Why would the formula change just because its a smaller population?

M.
10-19-2004, 01:23 PM
Why would the formula change just because its a smaller population?Well, if the normal formula tells me I need 250 people, for example, that answer doesn't make much sense for a limited population of 75.

Tim><
10-19-2004, 01:26 PM
However, I'm interested in how one changes the formulas for limited populations.


Why would the formula change just because its a smaller population?Because you are estimating in a finite population and not an infinite population. Your sample population is a significant part of the point you are estimating.

MountainHawk
10-19-2004, 01:27 PM
The normal approximation doesn't work for small population sizes, does it? You'd need the actual distribution of the population to get that.

asdfasdf
10-19-2004, 01:28 PM
I think it has something to do with the multi-nomial distibution. I don't think it explicitly follow the normal any more. You can use the normal for an infinite population because of the central limit theorem, which I don't think still holds for such a small population. But I clearly don't know the whole answer .....

Tim><
10-19-2004, 01:28 PM
Typically, when estimating a point based on sample data, you are really estimating a point for the average on non-sampled data.

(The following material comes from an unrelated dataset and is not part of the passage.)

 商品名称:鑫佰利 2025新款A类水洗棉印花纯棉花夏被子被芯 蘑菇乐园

Therefore, I would just divide my confidence interval by the weight of the remaining population. For example, if you wanted to determine a 1% confidence interval, your answer would be twice the interval you solved for if your sample population is half of the total population.

bm1729
10-19-2004, 01:58 PM
M, I don't know if this is what you're looking for, but here goes (from my sampling knowledge):

This is how you would determine a confidence interval for your estimate. Suppose you have a population of size N, and you sample n members from this population in order to determine the proportion, p, that have blue eyes. Suppose t people in your sample have blue eyes. Then clearly p = t/n is your estimate of the actual value of p, and a 95% confidence interval for p is given by:

p +/- 2[V(p)]<sup>1/2</sup> = p +/- 2[pq/(n-1)*(N-n)/N)]<sup>1/2</sup>, where q = 1 - p.

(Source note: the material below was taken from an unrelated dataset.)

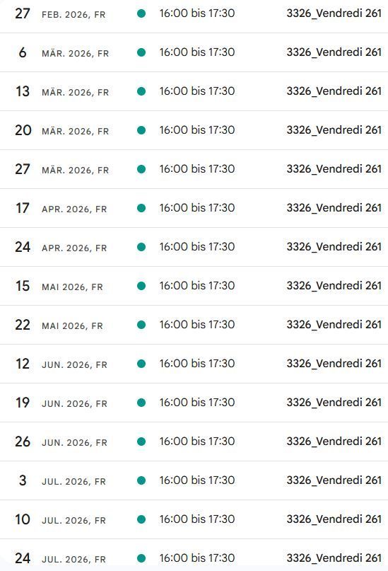 15 x Freitag, ab dem 27.02.2026, 16:00-17:30 Uhr

Now when N is much greater than n, (N-n)/N is approximately equal to 1, so the above simplifies to:

p +/- 2[pq/(n - 1)]<sup>1/2</sup>

So, to answer your question, the formula is always the same whether n is large or small, but the smaller n is, the larger your confidence interval will be (obviously). If you want to have your confidence interval a certain size, then you would solve for the smallest value of n that yields a confidence interval of that size.

M.
10-19-2004, 02:04 PM
bm1729, that's exactly what I'm after. Thanks so much!

Avi
10-19-2004, 02:05 PM
Wouldn't one use Student's t distribution for a smaller sample size with unkown variance that would tend to normal as it gets large?

M.
10-19-2004, 02:20 PM
bm1729, that's exactly what I'm after. Thanks so much!Actually, after I said that, I started thinking that this still doesn't intuitively make sense. The approach you describe would still produce a confidence interval even if we had a response from all 75 people. It seems that you should have a 100% confidence interval of size 0 when you have everybody's response.

John F. Kennedy
10-19-2004, 02:25 PM
You haven't met 2pac yet, have you?

bm1729
10-19-2004, 02:30 PM
bm1729, that's exactly what I'm after. Thanks so much!
Actually, after I said that, I started thinking that this still doesn't intuitively make sense. The approach you describe would still produce a confidence interval even if we had a response from all 75 people. It seems that you should have a 100% confidence interval of size 0 when you have everybody's response.
When you put n=N into the first confidence interval formula that I gave you, don't you get an interval of size zero?

Actuary321
10-19-2004, 03:13 PM
You haven't met 2pac yet, have you?
:rofl:

M.
10-19-2004, 04:32 PM
When you put n=N into the first confidence interval formula that I gave you, don't you get an interval of size zero?
Whoops, yes I do. Thanks!

BC
10-19-2004, 04:41 PM
For a sufficiently small sample size, you can actually calculate the exact hypergeometric distribution for each possible result.

Actuary321
10-19-2004, 05:57 PM
M, I don't know if this is what you're looking for, but here goes (from my sampling knowledge):

This is how you would determine a confidence interval for your estimate. Suppose you have a population of size N, and you sample n members from this population in order to determine the proportion, p, that have blue eyes. Suppose t people in your sample have blue eyes. Then clearly p = t/n is your estimate of the actual value of p, and a 95% confidence interval for p is given by:

p +/- 2[V(p)]&lt;sup&gt;1/2&lt;/sup&gt; = p +/- 2[pq/(n-1)*(N-n)/N)]&lt;sup&gt;1/2&lt;/sup&gt;, where q = 1 - p.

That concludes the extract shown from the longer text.